**TASK ITEM**
Retype only what runs from the first line of the records to the line with "- привязки устройств", inclusive, and no pictures.

**GIVEN RECORDS**
>>
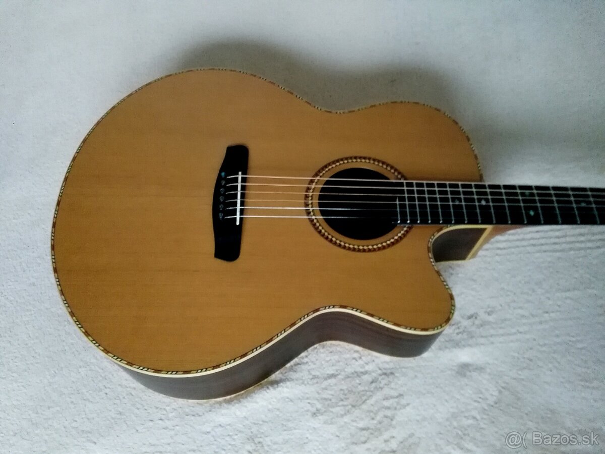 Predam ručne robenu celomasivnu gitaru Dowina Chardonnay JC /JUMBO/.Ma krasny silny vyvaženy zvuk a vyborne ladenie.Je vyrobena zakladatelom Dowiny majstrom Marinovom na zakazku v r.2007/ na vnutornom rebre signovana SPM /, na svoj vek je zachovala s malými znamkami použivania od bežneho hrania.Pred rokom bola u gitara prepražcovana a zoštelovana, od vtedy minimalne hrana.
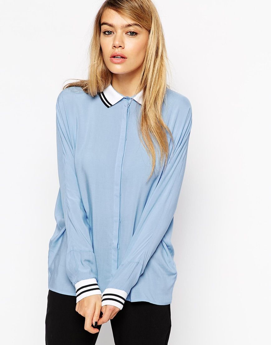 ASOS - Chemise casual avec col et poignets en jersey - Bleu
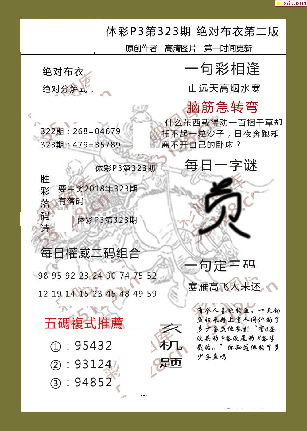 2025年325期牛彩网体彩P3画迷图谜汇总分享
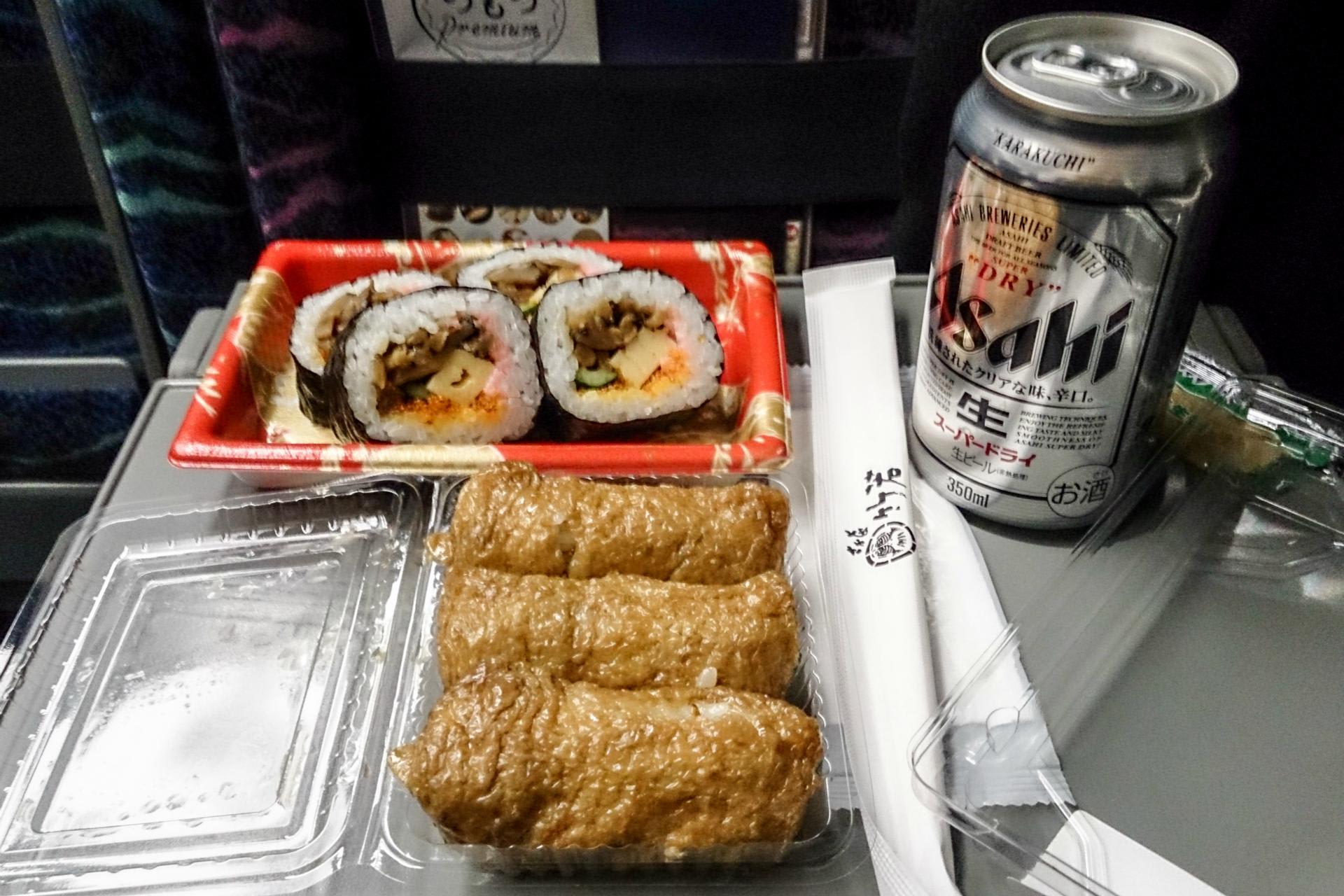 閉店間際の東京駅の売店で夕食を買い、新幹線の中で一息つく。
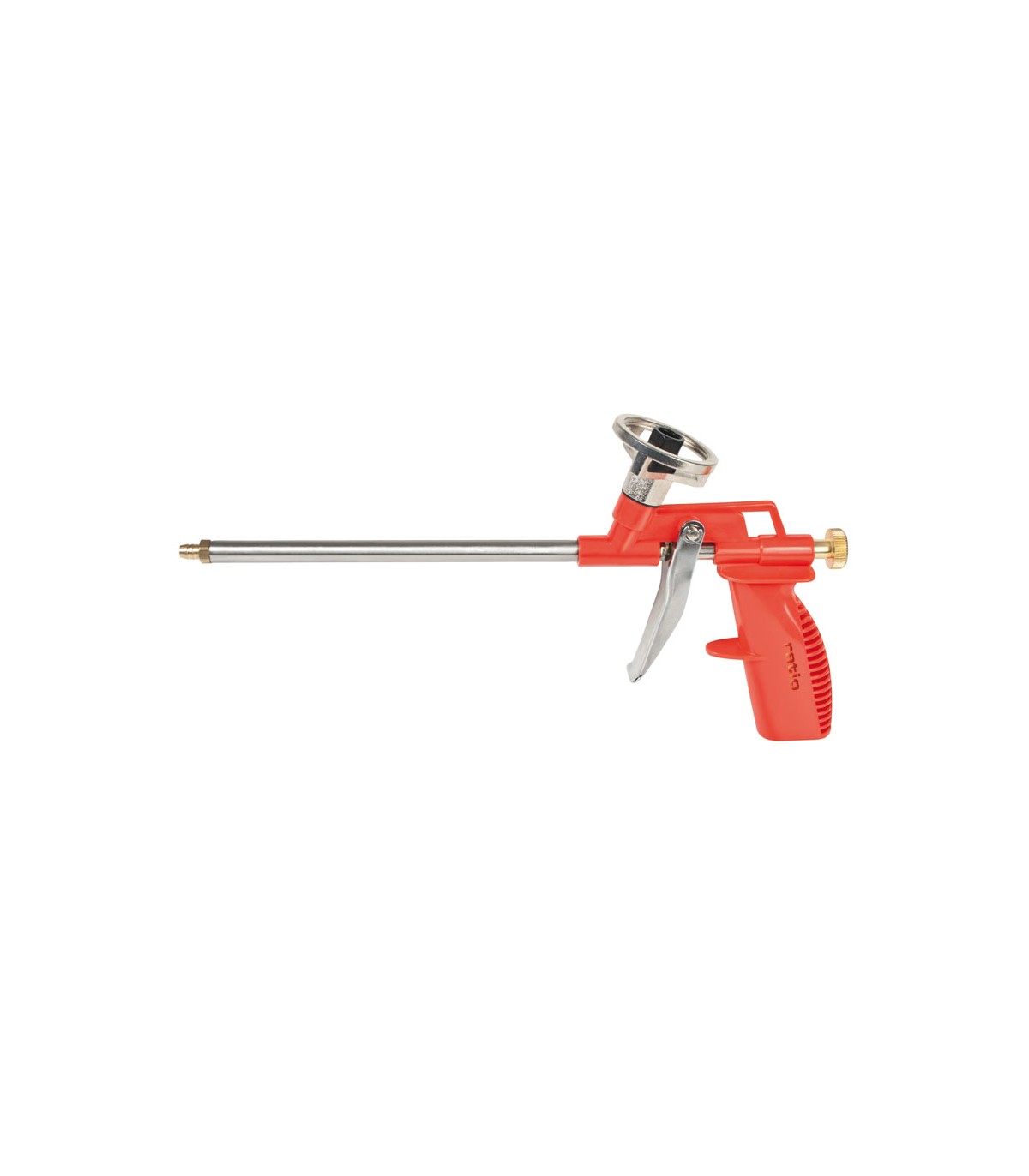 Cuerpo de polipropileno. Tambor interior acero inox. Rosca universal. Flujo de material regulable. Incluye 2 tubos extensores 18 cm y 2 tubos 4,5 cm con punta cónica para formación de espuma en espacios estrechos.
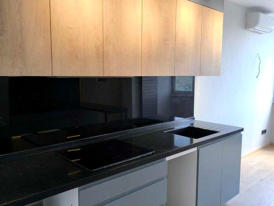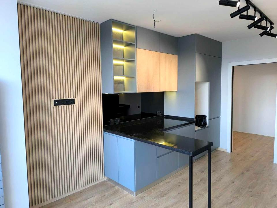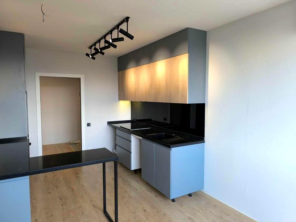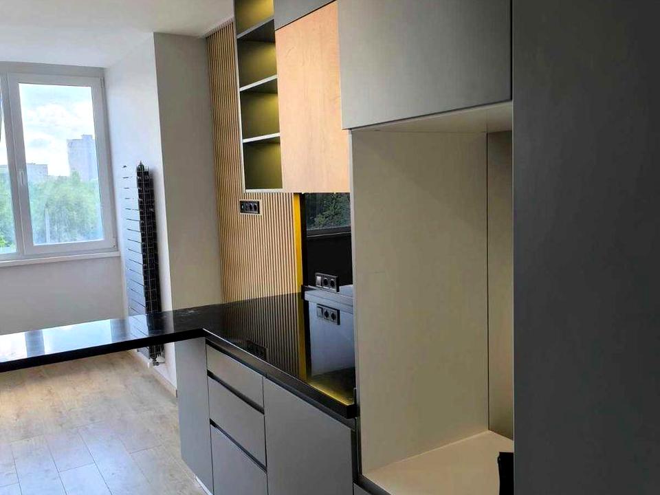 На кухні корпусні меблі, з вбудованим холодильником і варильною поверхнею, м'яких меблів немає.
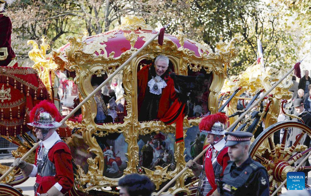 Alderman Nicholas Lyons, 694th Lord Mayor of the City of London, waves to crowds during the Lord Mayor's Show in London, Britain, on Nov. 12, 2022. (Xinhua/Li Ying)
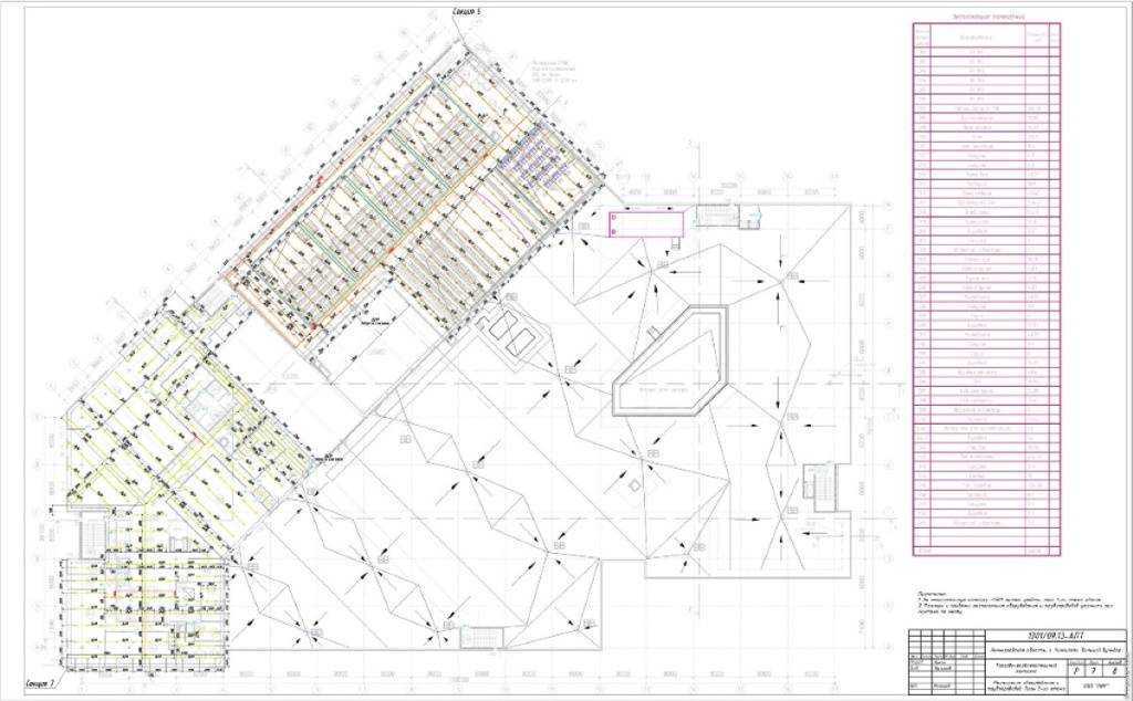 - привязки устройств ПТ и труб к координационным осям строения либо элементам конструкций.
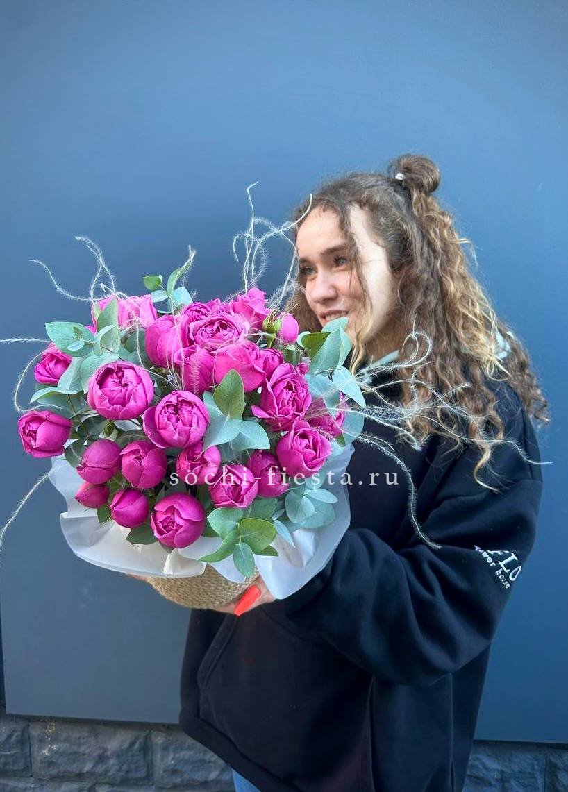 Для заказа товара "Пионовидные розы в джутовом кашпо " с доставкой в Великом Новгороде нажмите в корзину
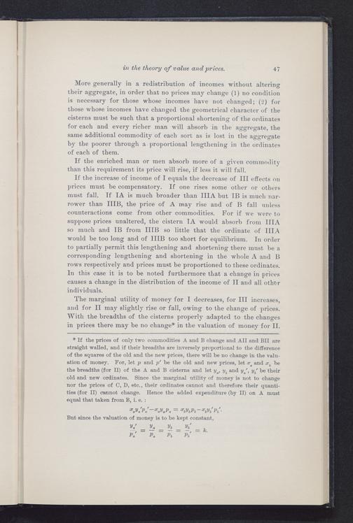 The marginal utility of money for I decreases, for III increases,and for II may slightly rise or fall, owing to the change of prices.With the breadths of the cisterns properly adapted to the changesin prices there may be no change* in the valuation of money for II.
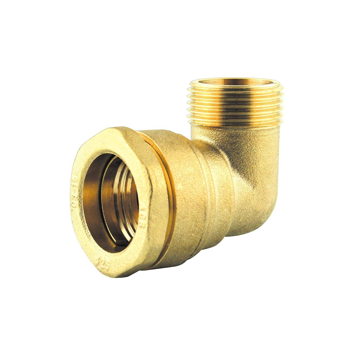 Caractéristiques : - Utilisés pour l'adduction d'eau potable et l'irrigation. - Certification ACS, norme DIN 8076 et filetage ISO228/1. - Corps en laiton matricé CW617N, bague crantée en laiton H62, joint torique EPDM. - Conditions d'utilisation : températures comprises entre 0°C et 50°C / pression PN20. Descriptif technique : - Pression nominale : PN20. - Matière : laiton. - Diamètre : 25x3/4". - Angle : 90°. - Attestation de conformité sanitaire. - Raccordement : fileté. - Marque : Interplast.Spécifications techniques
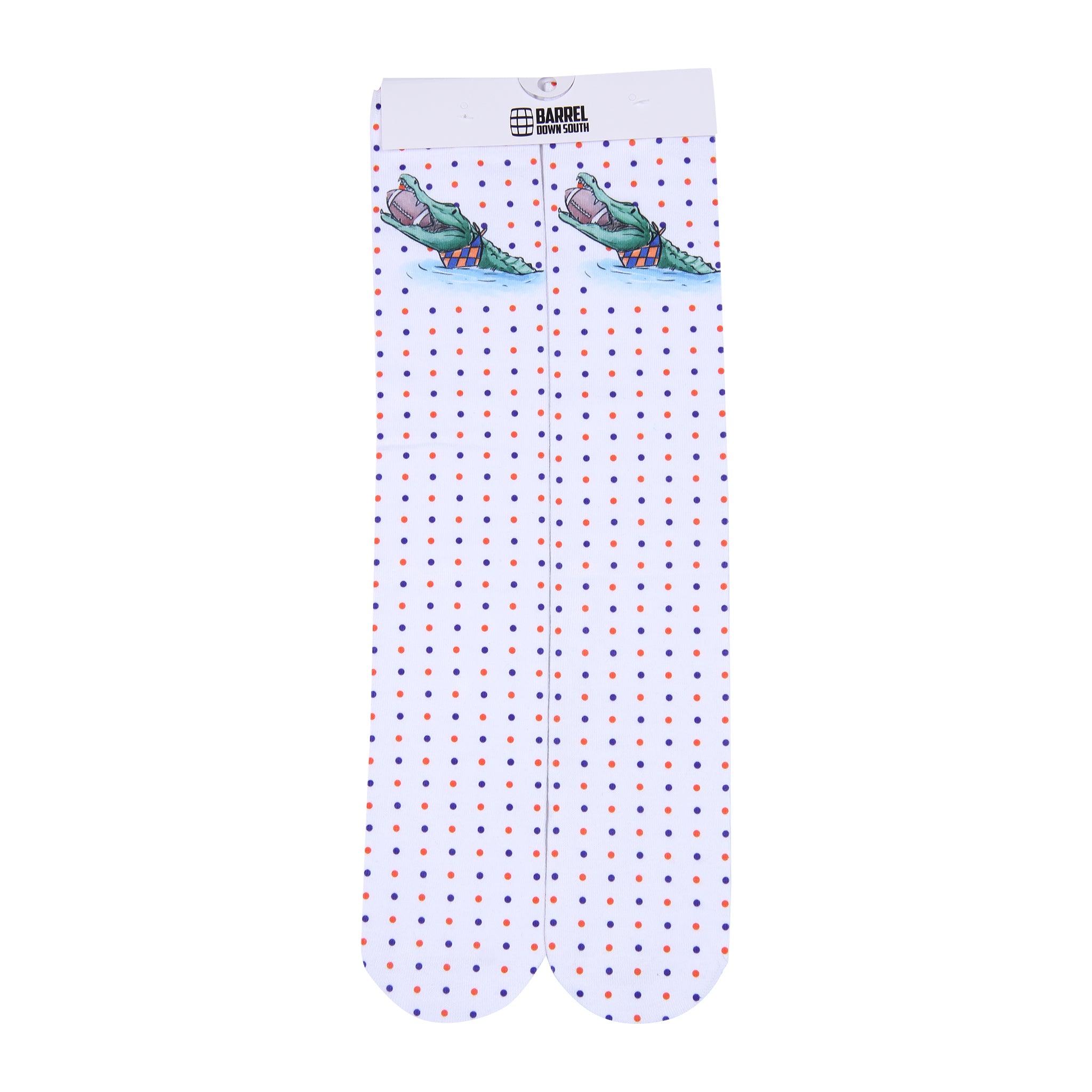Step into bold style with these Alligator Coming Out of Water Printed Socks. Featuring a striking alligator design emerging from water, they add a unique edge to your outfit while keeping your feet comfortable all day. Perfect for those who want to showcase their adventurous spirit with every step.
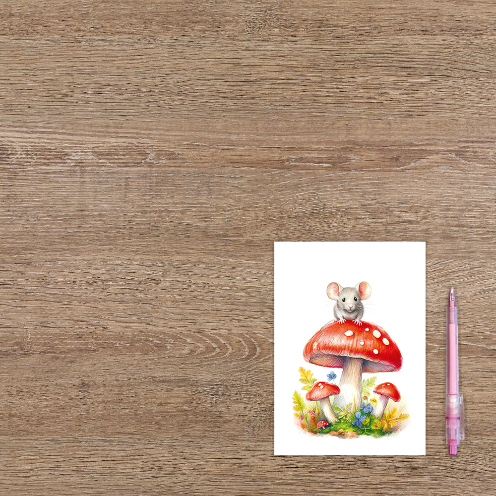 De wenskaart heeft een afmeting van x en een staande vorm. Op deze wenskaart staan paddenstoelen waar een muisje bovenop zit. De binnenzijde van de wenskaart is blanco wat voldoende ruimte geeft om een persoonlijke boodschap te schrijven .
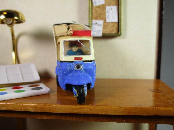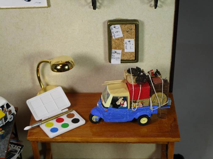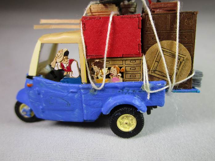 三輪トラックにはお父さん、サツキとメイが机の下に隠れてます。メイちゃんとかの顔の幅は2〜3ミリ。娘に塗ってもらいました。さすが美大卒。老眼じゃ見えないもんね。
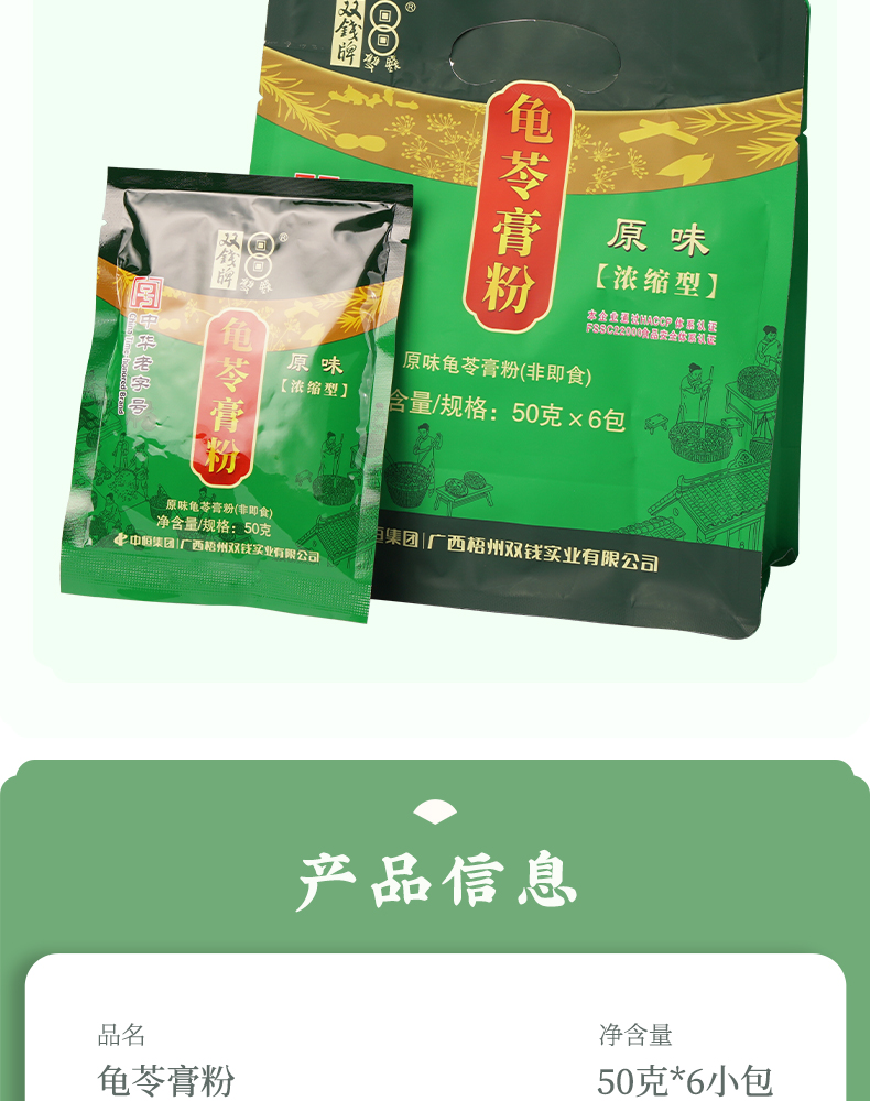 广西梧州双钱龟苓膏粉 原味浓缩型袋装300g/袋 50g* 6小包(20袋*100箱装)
<<
**TASK OUTPUT**
 Predam ručne robenu celomasivnu gitaru Dowina Chardonnay JC /JUMBO/.Ma krasny silny vyvaženy zvuk a vyborne ladenie.Je vyrobena zakladatelom Dowiny majstrom Marinovom na zakazku v r.2007/ na vnutornom rebre signovana SPM /, na svoj vek je zachovala s malými znamkami použivania od bežneho hrania.Pred rokom bola u gitara prepražcovana a zoštelovana, od vtedy minimalne hrana.
 ASOS - Chemise casual avec col et poignets en jersey - Bleu
 2025年325期牛彩网体彩P3画迷图谜汇总分享
 閉店間際の東京駅の売店で夕食を買い、新幹線の中で一息つく。
 Cuerpo de polipropileno. Tambor interior acero inox. Rosca universal. Flujo de material regulable. Incluye 2 tubos extensores 18 cm y 2 tubos 4,5 cm con punta cónica para formación de espuma en espacios estrechos.
 На кухні корпусні меблі, з вбудованим холодильником і варильною поверхнею, м'яких меблів немає.
 Alderman Nicholas Lyons, 694th Lord Mayor of the City of London, waves to crowds during the Lord Mayor's Show in London, Britain, on Nov. 12, 2022. (Xinhua/Li Ying)
 - привязки устройств ПТ и труб к координационным осям строения либо элементам конструкций.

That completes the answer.